For your convenience, we've also documented the kernel's OS_SerialOp SWI here, even though it properly belongs in Part 2 - The kernel. This SWI provides routines to access the serial device driver directly. It is like OS_Byte in that it contains a number of operations, determined by the reason code passed in R0. The advantages of using this approach are the speed of not going through several routines in the stream system, and no possibility of confusion about where the data is going.
There are also a number of OS_Byte commands for controlling the serial port, that are in RISC OS mainly for compatibility with earlier Acorn operating systems. Again, we've documented them here rather than with the kernel documentation. We strongly recommended that you use the OS_SerialOp commands in preference to the OS_Bytes because they are more complete and consistent.
Note that the serial device's input and output sides may be controlled independently. For example, you can transmit at a different baud rate from the one which is being used to receive - although hardware restrictions mean that this is not possible on machines fitted with the 82C710 or 82C711 controller, such as the A5000.
The serial device driver provides facilities to send and receive a byte, control the handshake lines and alter the protocol of the data. RISC OS provides a number of SWIs that allow access to these facilities.
Here is a summary of the OS_SerialOp commands:
Below is a summary of the OS_Byte commands in this chapter:
Remember, where possible you should use OS_SerialOp calls in preference to OS_Byte calls.
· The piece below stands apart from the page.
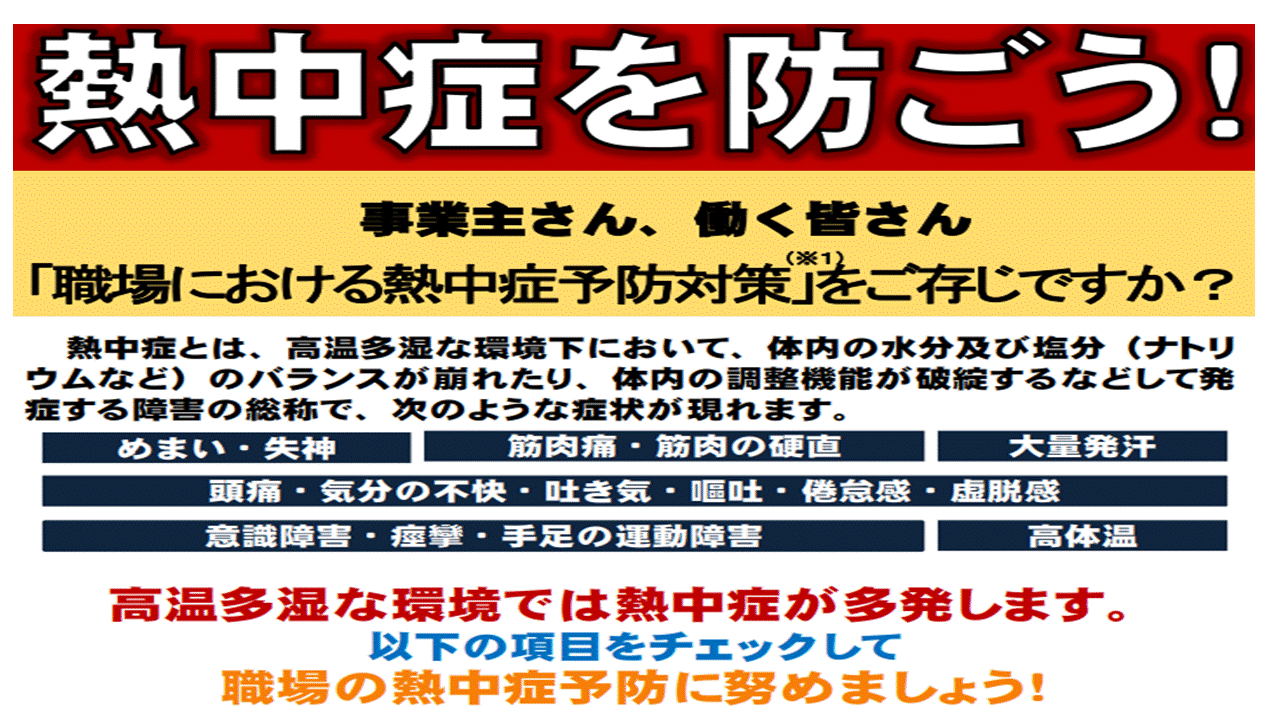 特に作業場所のWBGT値(暑さ指数)を実測して作業に反映させることや、熱がこもりにくい服装にも注意するよう呼びかけるとのこと。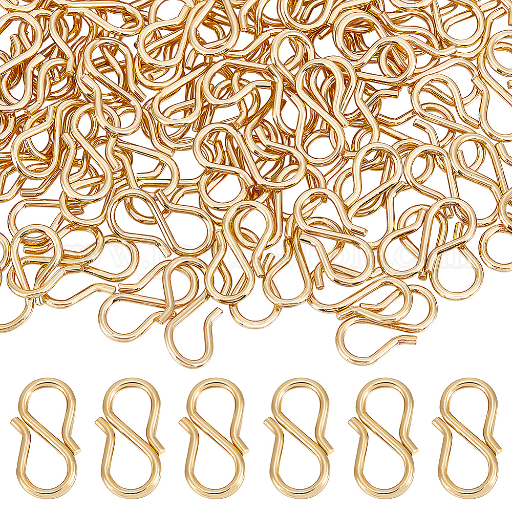 • Настоящее золото 18K 100 шт. 304 S-образные застежки из нержавеющей стали, реальный 18 k позолоченный, 13x7x1 мм

RISC OS uses streams for character input, character output, and printer output. There are OS_Byte calls to set the source and destination(s) of these streams. As an innate part of the character input/output system, they are described in full in the chapters entitled Character Input and Character Output, but we summarise them below.
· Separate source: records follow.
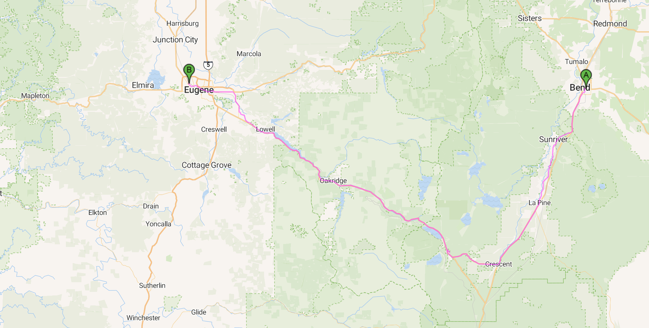 I avoided some city riding today by using the Oregon bus bike racks. I got out of Bend to Gilchrist and so enjoyed the best of the cycling in the Deschutes Forest, then got on the Eugene bus and bike rack and Lowell, making the day manageable. In fact, after the Willamette pass, there was 800 meters of downhill.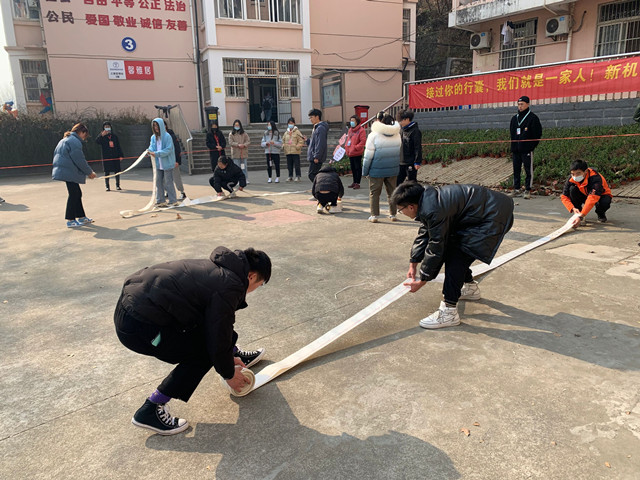 为了加强宿舍安全管理,提高同学们的防火意识,增强在火灾中的自救能力,2020年12月24日在学生公寓广场举行了第七届宿舍文化节“放开他,让我来”消防水龙带收放大比拼。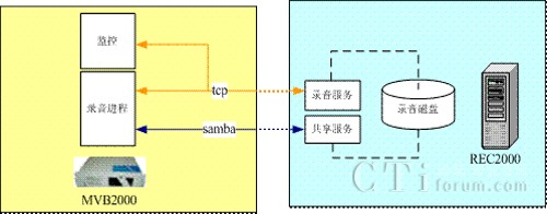 REC2000 是通過(guò)網(wǎng)絡(luò)共享方式,接收來(lái)自MVB2000通信平臺(tái)的錄音數(shù)據(jù)。將大量的磁盤讀寫動(dòng)作分離,然后接收來(lái)自通信平臺(tái)的指令進(jìn)行錄音處理,從而有效降低MVB2000通信平臺(tái)CPU和磁盤負(fù)載。提供運(yùn)行監(jiān)控接口,通過(guò)通信平臺(tái)可實(shí)時(shí)監(jiān)控錄音服務(wù)器運(yùn)行狀態(tài)。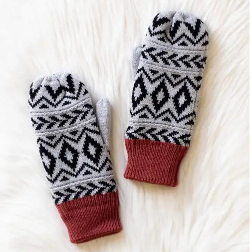 Gray, Black + Rust Pattern MittensFleece lined 100% Acrylic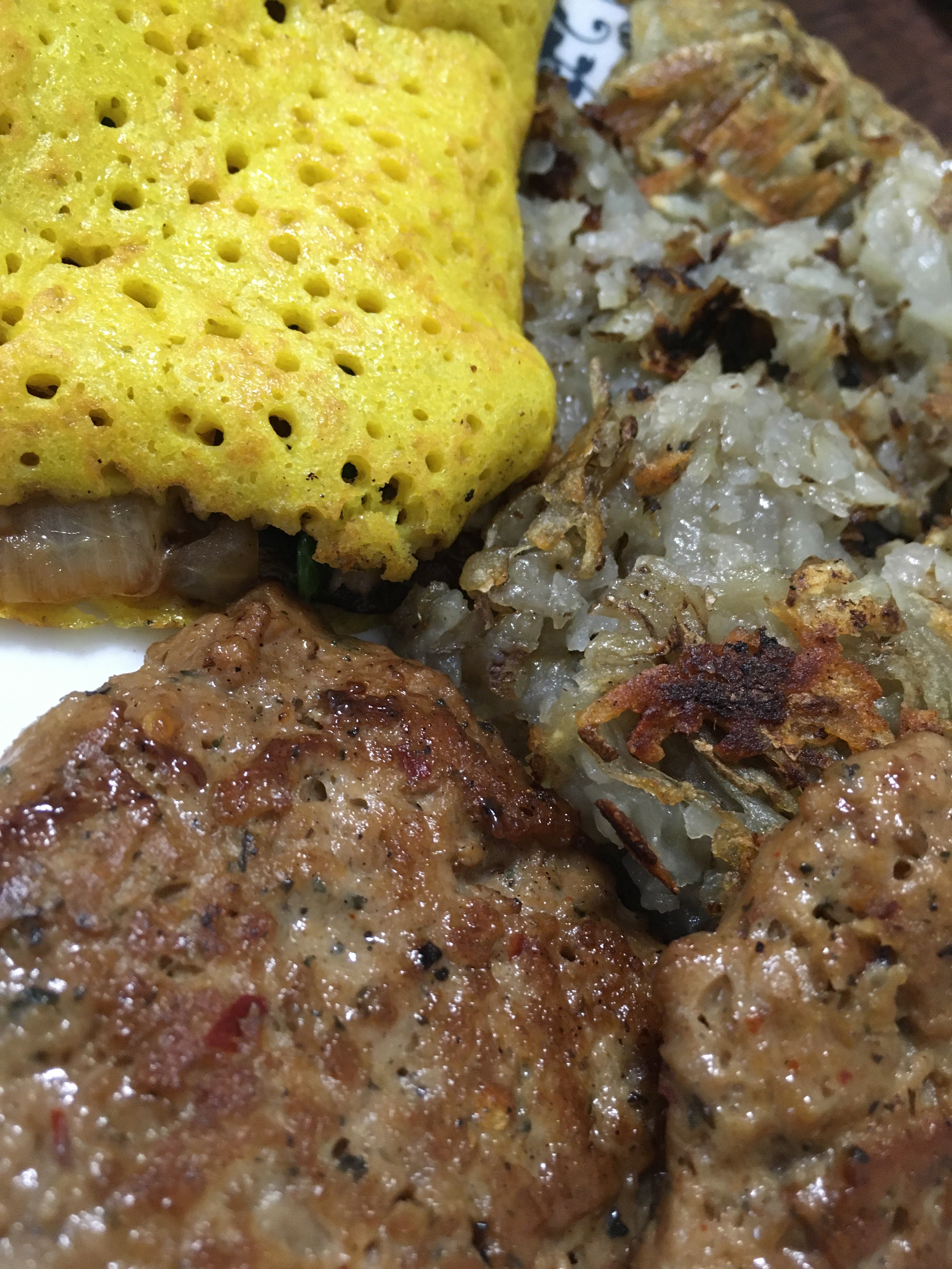 We didn't use all the Just Egg in our waffle experiments and so Matt played around with it in several additional ways--chxn fried rice, scrambled, as an omelette, etc.  They were all tasty and it was a really solid product.  I don't think it tastes anything like egg, but for me that's no downside.  It looks and acts like it though.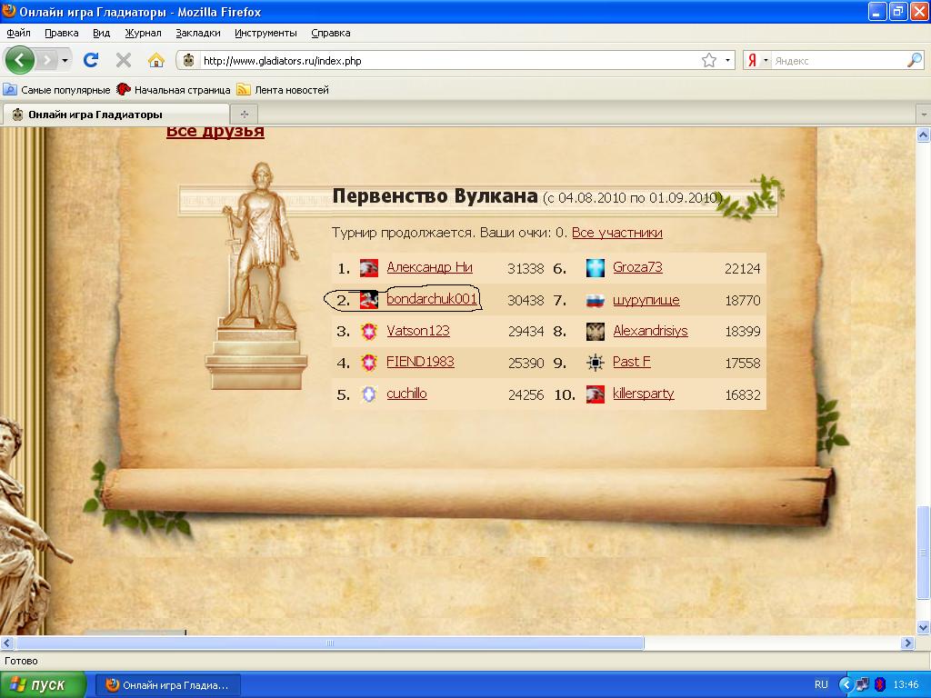 Меня уволили из гильдии Диктаторы Рима за то что я отказался удалить из профиля друзей, которые сами вышли из гильдии. Глава гильдии bondarchuk001 в новостях объявил их врагами гильдии и настойчиво предложил удалить их. Когда я отказался, bondarchuk001 перевел меня в рекрут-гильдию и дал сутки на удаление. Я друзей конечно не удалил. На следующий день обнаружил, что я уже не в гильдии. В гильдии не проводятся ни МГТ ни ВГТ не ведутся войны. bondarchuk001 заставляет молодых ланист заходить с ним в турниры, где они потом пропускают его в финал, не выставляя на бой гладиаторов. Это легко увидеть в его архиве боев. Возможно целью создания гильдии Диктаторы Рима является получение дополнительных игровых возможностей для bondarchuk001. А остальным членам гильдии надоело быть его свитой и они начали уходить. И тут-же стали врагами гильдии. )

Of course, you can also use OS_SerialOp calls to independently send and receive characters via the serial port; generally this is preferable.
This call selects the device from which all subsequent input is taken by OS_ReadC. This is determined by the value of R1 passed as follows:
| Value of R1 | Source of input |
|---|---|
| 0 | Keyboard, with serial input buffer disabled |
| 1 | Serial port |
| 2 | Keyboard, with serial input buffer enabled |
The difference between the 0 and 2 values is that the latter allows characters to be received into the serial input buffer under interrupts at the same time as the keyboard is being used as the primary input. If the input stream is subsequently switched to the serial device, then those characters can then be read.
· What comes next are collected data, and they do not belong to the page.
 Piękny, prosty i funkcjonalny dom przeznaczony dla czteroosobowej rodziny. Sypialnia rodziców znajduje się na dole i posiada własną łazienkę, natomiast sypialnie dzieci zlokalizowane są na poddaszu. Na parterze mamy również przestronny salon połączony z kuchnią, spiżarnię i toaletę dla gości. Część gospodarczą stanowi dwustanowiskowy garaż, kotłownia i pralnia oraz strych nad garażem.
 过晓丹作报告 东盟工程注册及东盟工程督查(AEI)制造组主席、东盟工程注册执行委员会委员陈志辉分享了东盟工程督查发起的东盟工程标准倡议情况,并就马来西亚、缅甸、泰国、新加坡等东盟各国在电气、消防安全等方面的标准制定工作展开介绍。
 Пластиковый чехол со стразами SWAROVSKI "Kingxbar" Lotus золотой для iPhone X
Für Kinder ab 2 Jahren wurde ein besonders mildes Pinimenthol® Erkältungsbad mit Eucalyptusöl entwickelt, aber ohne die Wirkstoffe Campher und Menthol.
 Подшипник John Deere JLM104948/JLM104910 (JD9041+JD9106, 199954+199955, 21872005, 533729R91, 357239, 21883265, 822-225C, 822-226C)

For full details of OS_Byte 2, see OS_Byte 2.
This call selects which output stream(s) are active, and will hence receive all subsequent output from OS_WriteC and its derivatives. A bit mask in R1 determines this:
| Bit | Effect if set |
|---|---|
| 0 | Enables serial driver |
| 1 | Disables VDU drivers |
| 2 | Disables VDU printer stream |
| 3 | Enables printer (independently of the VDU) |
| 4 | Disables spooled output |
| 5 | Calls VDUXV instead of VDU drivers (see the chapter on VDU) |
| 6 | Disables printer, apart from VDU 1,n |
| 7 | Not used |
Thus to start sending characters to the serial output stream, call OS_Byte 3 with bit 0 of R1 set. Such characters sent are inserted into the serial output buffer (buffer number 2), where they remain until removed by the interrupt routine dealing with serial transmission.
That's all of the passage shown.